After months of strenuous combat had seriously depleted the number of men and amount of equipment, Lieutenant Colonel Cooley reorganized and skillfully built up the strength of his command. Leading a group of dive bombers and fighters on 12 October in a determined raid against enemy destroyers, he gallantly pressed home the attack, personally scoring a hit on one of the Japanese ships. On 14 October, with all but one of his planes put out of commission by terrific fire from enemy surface vessels, Lieutenant Colonel Cooley, in spite of intermittent bombing and shellfire from hostile artillery, worked tirelessly to direct the repair of damaged planes, with the result that twelve additional aircraft were placed in commission on that day in time to strike repeatedly at the enemy ship-borne invasion forces. Again from 11 to 15 November the Aviation Units under his command attacked the Japanese, destroying two cruisers, seven airplanes, and twelve transports contributing in great part to the success of our engagement in that area. Lieutenant Colonel Cooley's exceptional skill, leadership, and indomitable fighting spirit were in keeping with the highest traditions of the United States Naval Service.

===Later service during World War II===

In January 1943, Cooley was appointed Supply officer of the 1st Marine Aircraft Wing and also commanded simultaneously his old Marine Aircraft Group 14 until April of that year.

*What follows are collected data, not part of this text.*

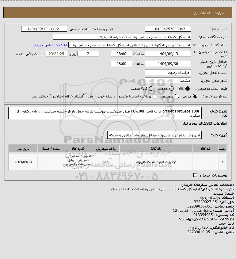 نام دستگاه خریدار:اداره کل کمیته امداد امام خمینی ره استان خراسان رضوی
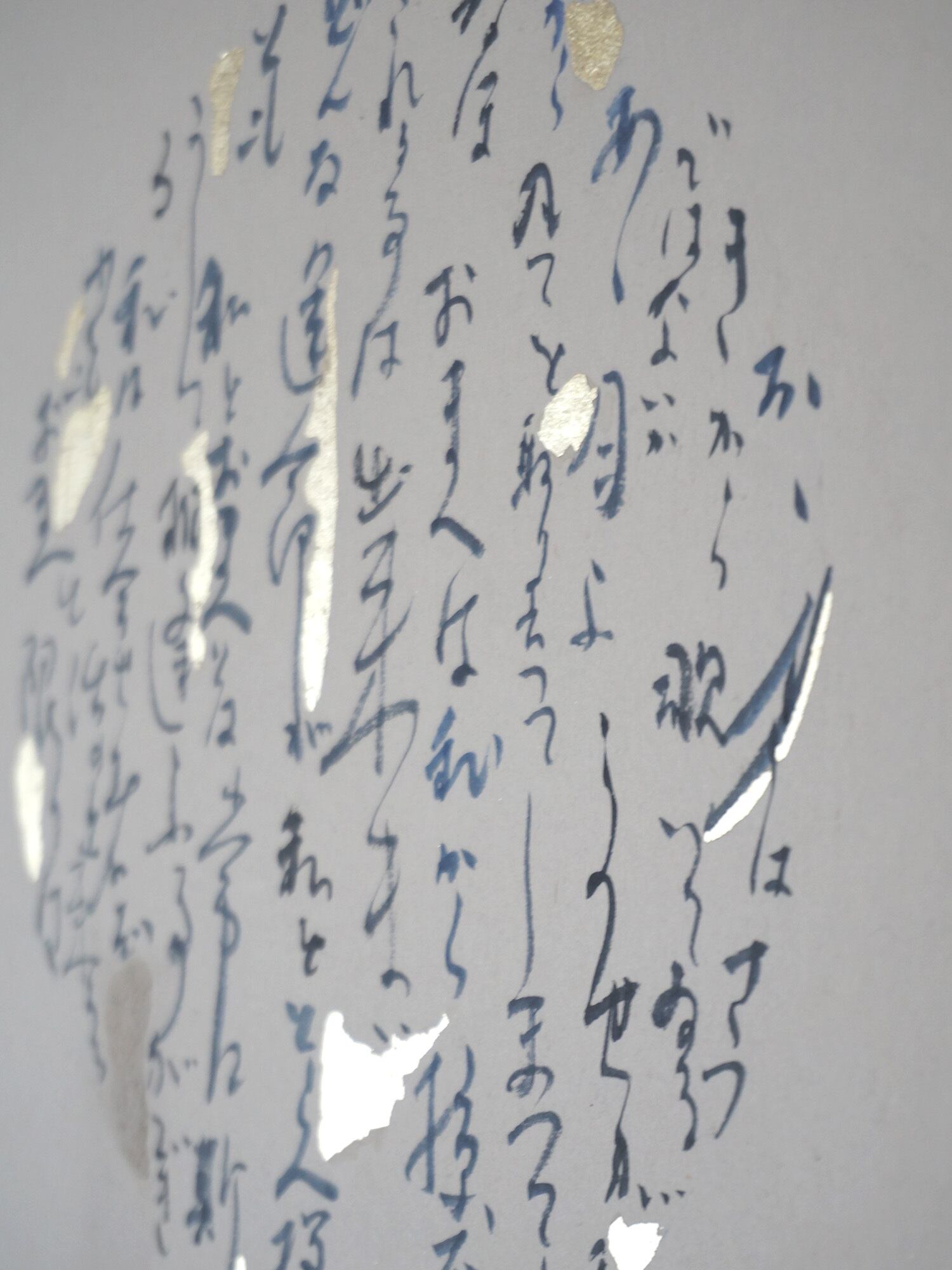 material/ 画仙紙、墨、金箔、温泉、胡粉
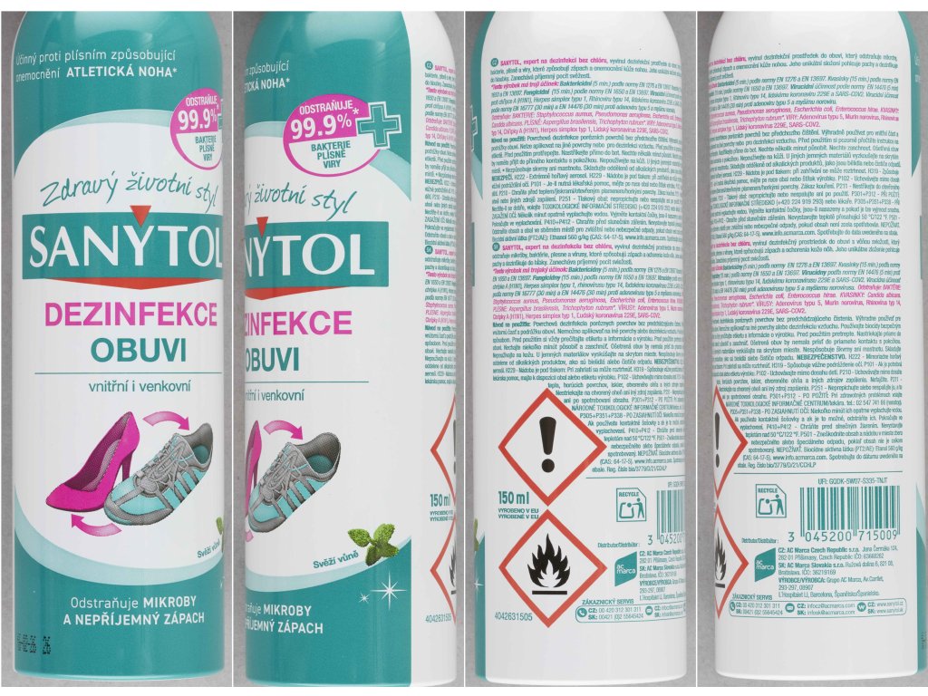Dezinfekce do obuvi značky SANYTOL je praktickým pomocníkem pro každodenní péči o hygienu vaší obuvi. Účinně ničí 99,9 % bakterií, plísní a virů, které jsou častou příčinou nepříjemného zápachu, podráždění pokožky nebo přenosu infekcí, jako je například atletická noha, mykózy či bradavice.
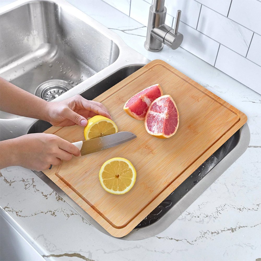 Tabla para picar elaborada en Bambú de doble densidad con manija para agarre. De 20 x 30 cm
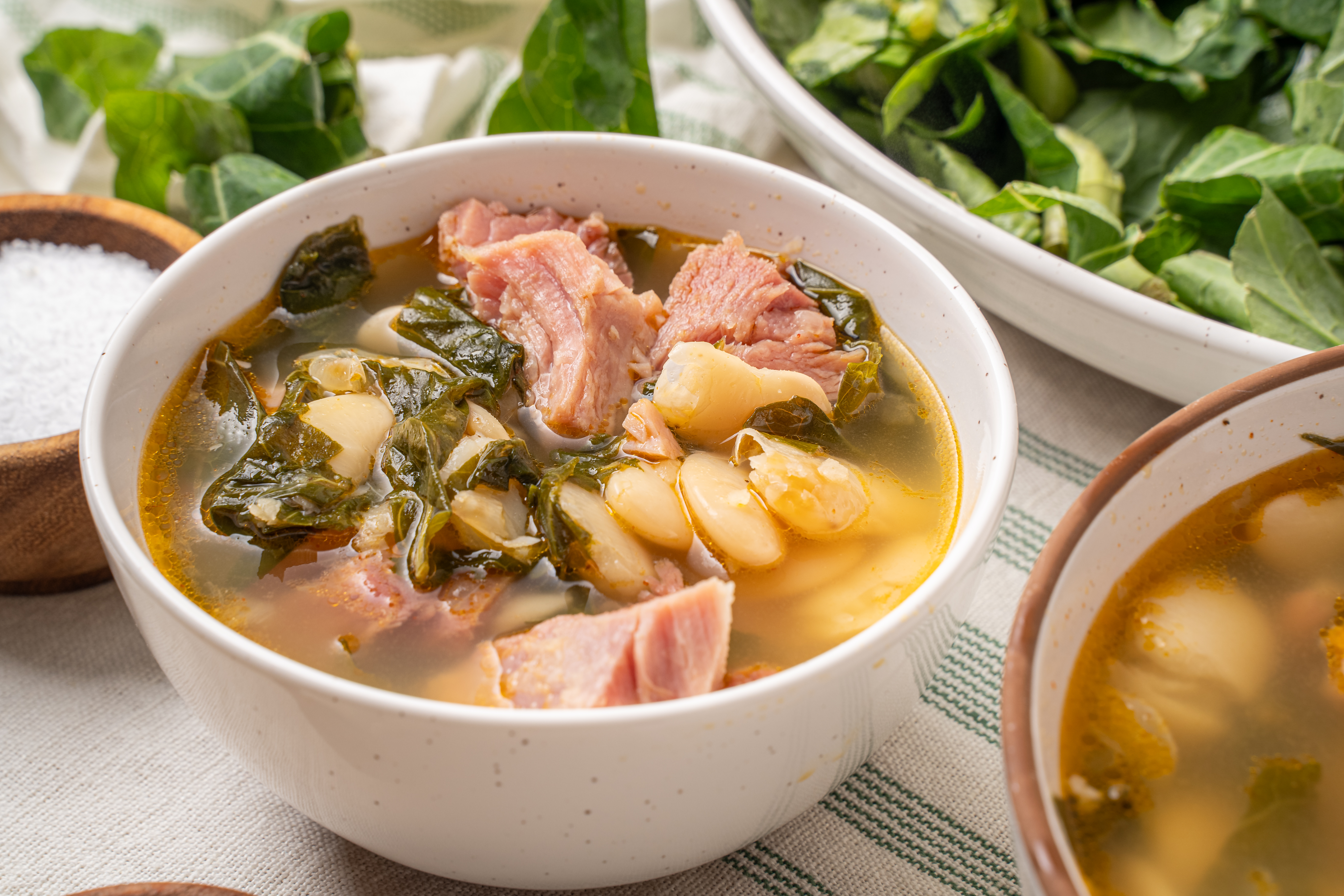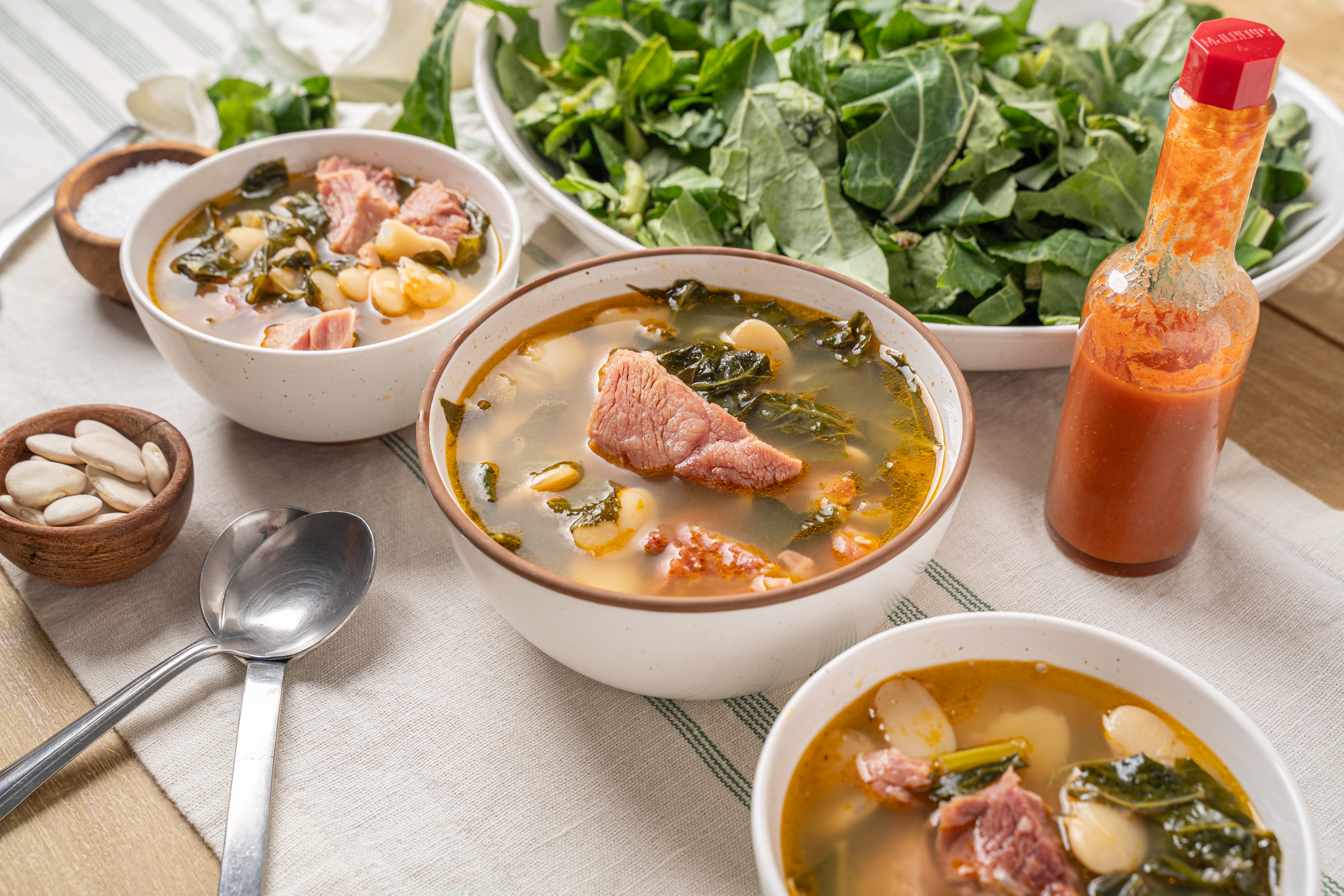 We're going home! Well... at least our taste buds are. Homestyle Collard Greens & Ham Soup takes you right back to a Sunday night at your Southern granny's house. Each spoonful comes filled to the brim with juicy pork, tender lima beans, and your favorite collard greens, all soaked in a savory, steaming-hot broth. Ahh, it's really just like grandma made it! Kick off your shoes, leave the city stresses at the door, and come home to the slow-paced, good time that is this Homestyle Collard Greens & Ham Soup! Ah, it tastes, oops, feels good to be home!

He was promoted to the rank of colonel at the same time and ordered back to the United States, because Major General Geiger, 1st Marine Wing commander, was appointed Director of Marine Corps Aviation at Headquarters Marine Corps in Washington, D.C., and requested Cooley as his deputy.

He served as assistant director of Marine Corps Aviation until October 1944, when he was ordered to Marine Corps Air Station Santa Barbara, California, and appointed commander of newly activated Marine Carrier Groups, Aircraft, Fleet Marine Force, Pacific. In this capacity, Cooley directed the training and organization of Marine aircraft groups for close air support missions from navy carriers and subsequently received the Bronze Star Medal for this service.

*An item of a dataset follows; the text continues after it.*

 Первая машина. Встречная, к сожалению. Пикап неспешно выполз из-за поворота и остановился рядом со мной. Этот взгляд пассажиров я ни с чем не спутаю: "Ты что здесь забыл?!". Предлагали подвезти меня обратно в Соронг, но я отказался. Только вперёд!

Cooley was subsequently appointed commanding officer of Marine Air Support Group 48 in February 1945 and sailed again to the Pacific Area in May of that year. He commanded elements of his air group during the Battle of Okinawa and then during the attack on Borneo, Philippines.

In September, 1945, before the Japanese surrendered Formosa, Cooley landed on that island with a handful of Marines from Air Support Group 48 to supervise the removal of Allied prisoners of war. The Japanese on the island had given no assurance that they would not resist, and the American ships were forced to find their own way through enemy minefields before the Japanese began to cooperate. He subsequently received a letter of commendation for his handling of that difficult assignment.

==Later service==

Colonel Cooley was ordered back to the United States and attached to the Senior Course at Naval War College in June 1946 and graduated one year later. He was then again appointed to the post of assistant director of Marine Corps aviation under Major General Field Harris and remained in that capacity until May 1948, when he assumed command of Marine Corps Air Station Quantico. In early 1950, Cooley was appointed commanding officer of the Junior School at Quantico, and while in that capacity, he was promoted to the rank of brigadier general in December 1950.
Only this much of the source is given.